During the EU referendum, Michael Gove now famously declared that the public “has had enough of experts”. Both leave and remain camps made some questionable claims during the campaign, but the idea that citizens have given up on evidence and experts is strongly contradicted by new polling released today by the Institute for Government.
Our polling shows that over 80 per cent of people want politicians to consult with professionals and experts when making difficult decisions, and to make decisions based on objective evidence. The number has actually increased since we asked the same questions in 2014. What’s more, there was no real difference between Leave voters and Remain voters in this.
The government should take note of the fact that the public want policies based on evidence. Whether on the expansion of grammar schools, high-speed rail or social mobility, people will want to see that the rhetoric of big policy announcements is grounded in the realities of evidence. In fact, our polling suggests that people are tiring of big announcements altogether (only 4% of those asked thought they should be a priority for politicians). Instead, they want to hear more about how policies are going to be implemented. This means pressure will be increasing on the government to provide details about how key policies on the economy, immigration, public services and social mobility be delivered. ‘Brexit means Brexit’ might not cut it for much longer.
But the public appetite for evidence does not mean experts are off the hook.
Deborah Mattinson of Britain Thinks, a polling and opinion research organisation, told a recent Institute for Government event that people will still reject arguments – no matters how firmly grounded in the facts – if those facts don’t cohere with people’s individual lives. Graphs showing immigration has on balance benefitted the UK economy will not be enough to convince someone in a low-skilled job who feel they have lost out. Appearing to ignore individuals’ experience simply leads to people rejecting arguments put forward by experts who talk about overall or aggregate trends. Experts were warned they need to start from where people find themselves if they are to be credible.
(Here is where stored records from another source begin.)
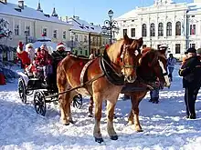 Other aspects of Polish Christmas include nativity plays called "Jasełka" or "Herody", outdoor nativity scenes, the singing of carols, most notably "God Is Born", and Kulig, a horse-pulled sleigh ride. The tradition of crafting and hand-making Christmas szopkas in Kraków was declared UNESCO Intangible Cultural Heritage.[1]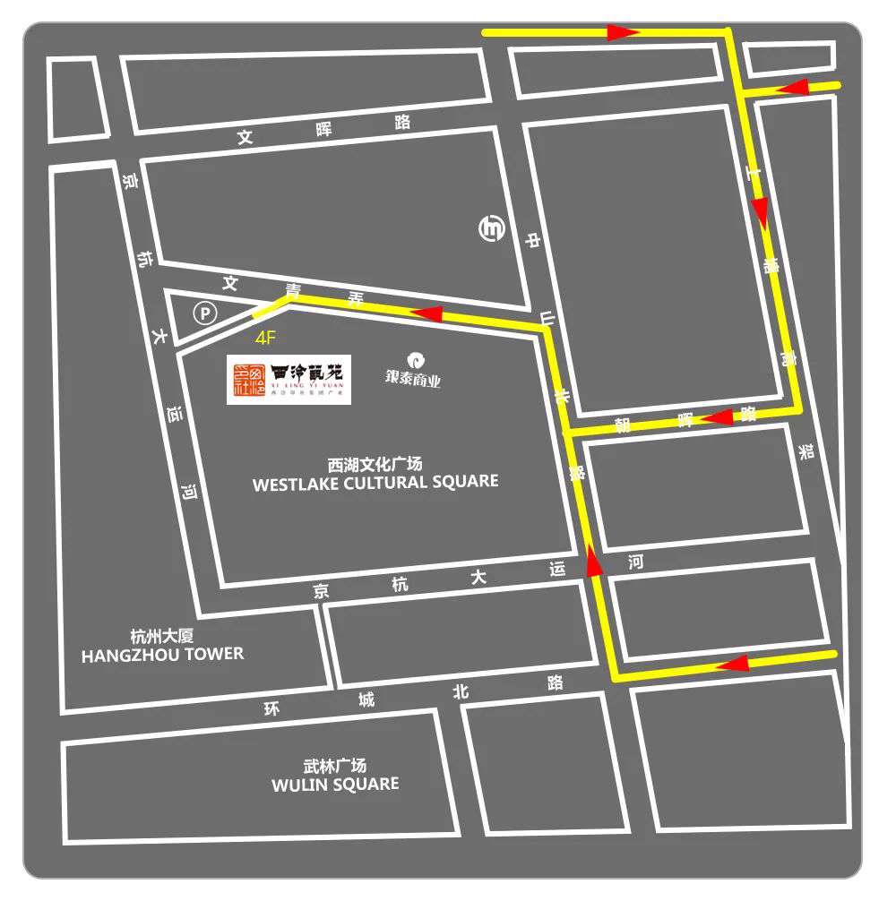 驾车/出租车:杭州市拱墅区西湖文化广场32号(停车便捷)。
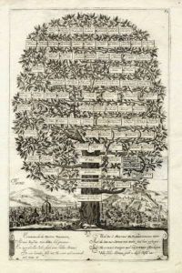 Johann Schweizer Albert Haelwegh, Albero genealogico per Eleonora Gonzaga, con veduta di Firenze. — Darmstadt, 1661. — Bulino. mm 385x250. — Foglio : mm 427x330.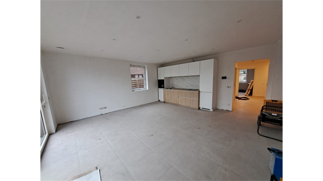 Een gelijkvloers en energie zuinig appartement aangepast aan rolstoelgebruik bestaande uit een woonkamer met open, ingerichte keuken, 2 slaapkamers, badkamer, wasplaats, terras, autostaanplaats. Er is een zij inkom voor dit appartement en het appartement heeft bredere binnendeuren. Het appartement is gelegen rechts vanuit de straatkant gezien.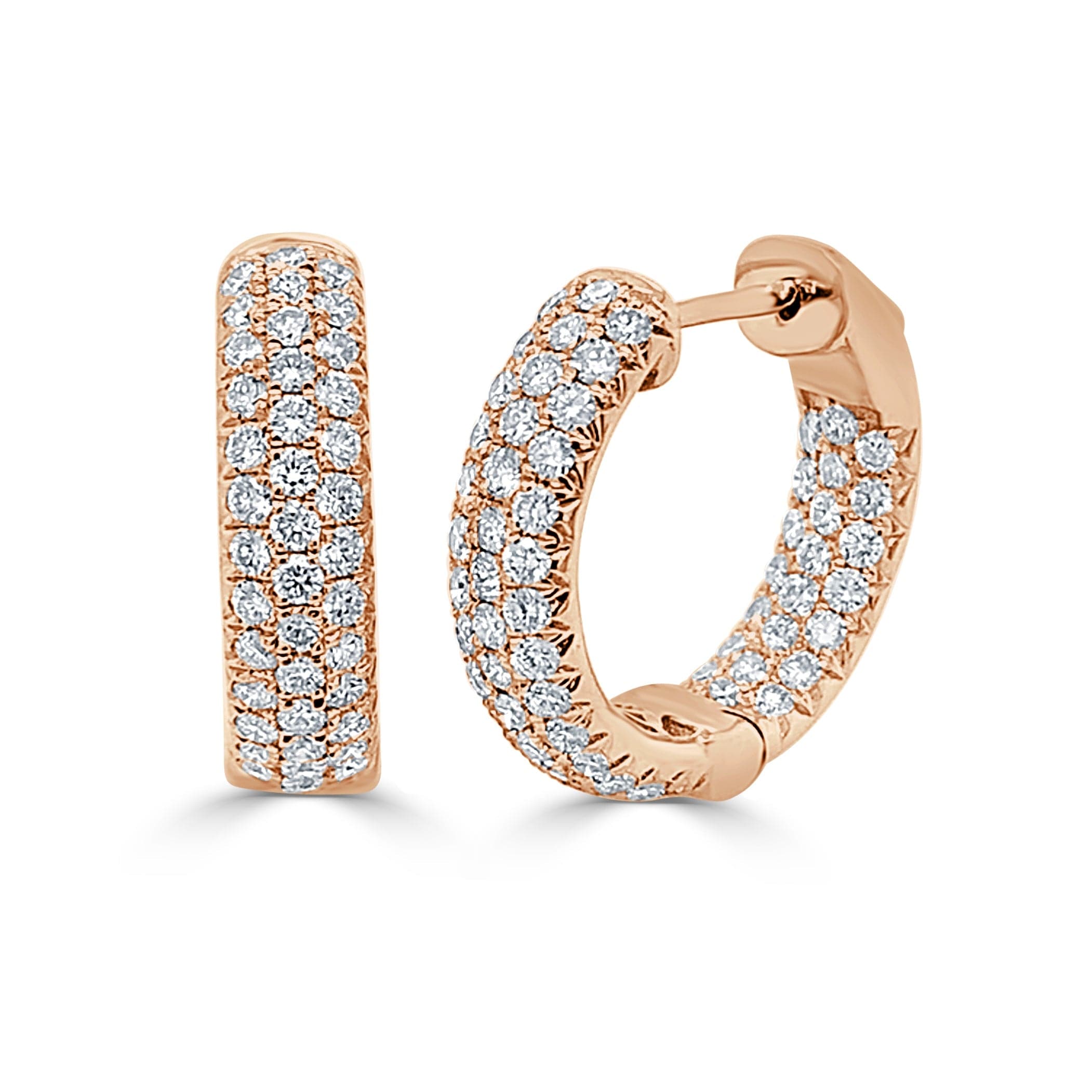 14k Gold & Diamond Skinny Hoop Earrings 1-1/2"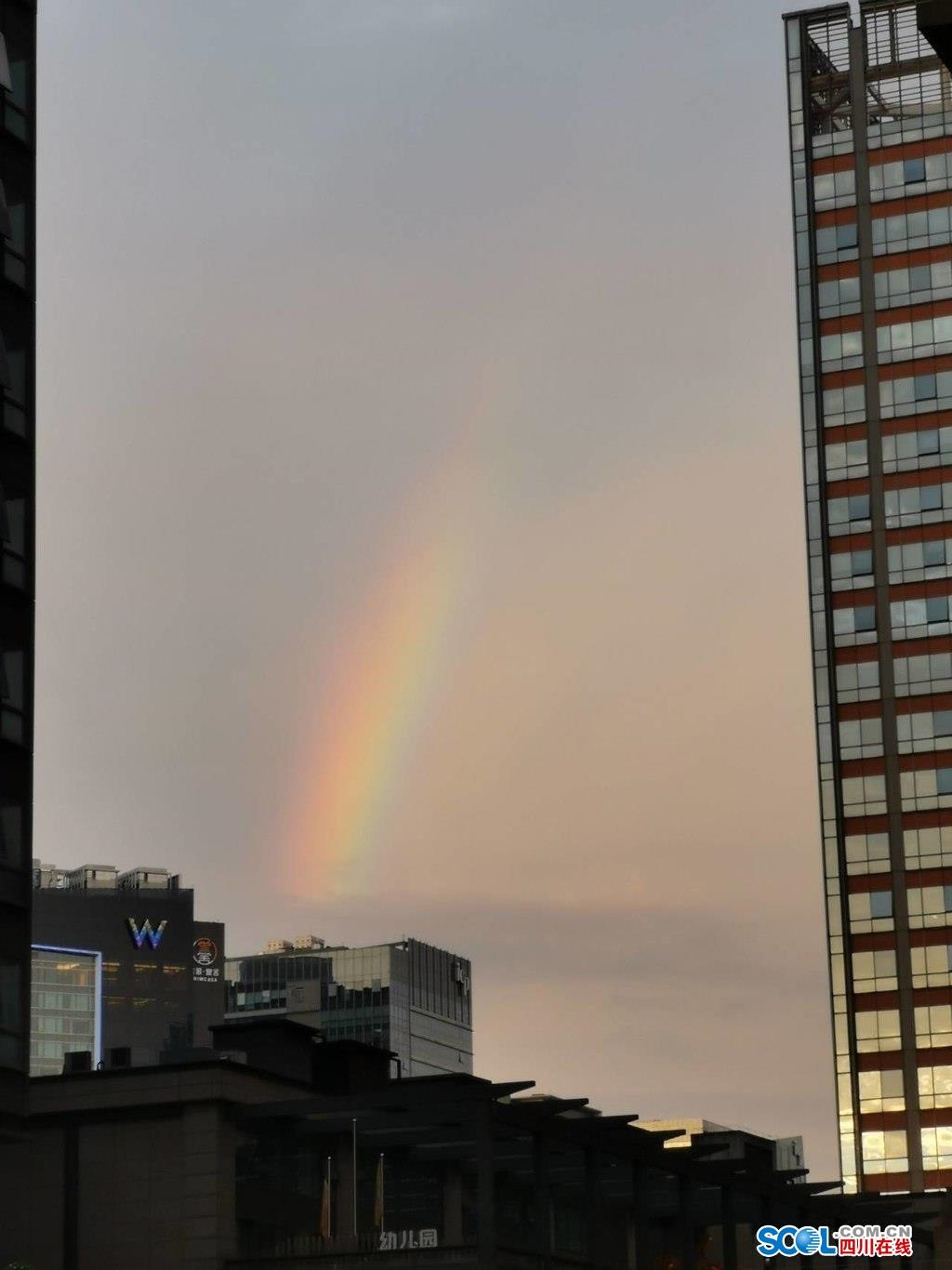 连日强降雨结束后,今(19)日傍晚,成都、眉山主城区及新津等多地空中出现彩虹景观,部分地方还可目击到双彩虹。

Experts should not assume they have the trust of citizens – they have to earn it. And people are more likely to trust experts they are already familiar with – people who have built up trust in advance of big moments like the EU referendum. Will Moy from Full Fact, the independent fact-checking charity, argued that the reason Martin Lewis, the “money saving expert”, was the most trusted voice on the referendum was because he had already proven himself as ‘credible, authentic, and identifiable’. People believe he is on their side. Experts who are parachuted in, with no track record, are unlikely to cut much ice. Given this, more needs to be done to anticipate the information citizens will need at big decision points including elections and referenda, to ensure high quality data is available and that trusted institutions are communicating it effectively. This is the subject of a new project that Full Fact is launching with statisticians and researchers.
People have not had enough of experts. But the onus is on experts to make sure they get heard.
Emma Norris is programme director at the Institute for Government.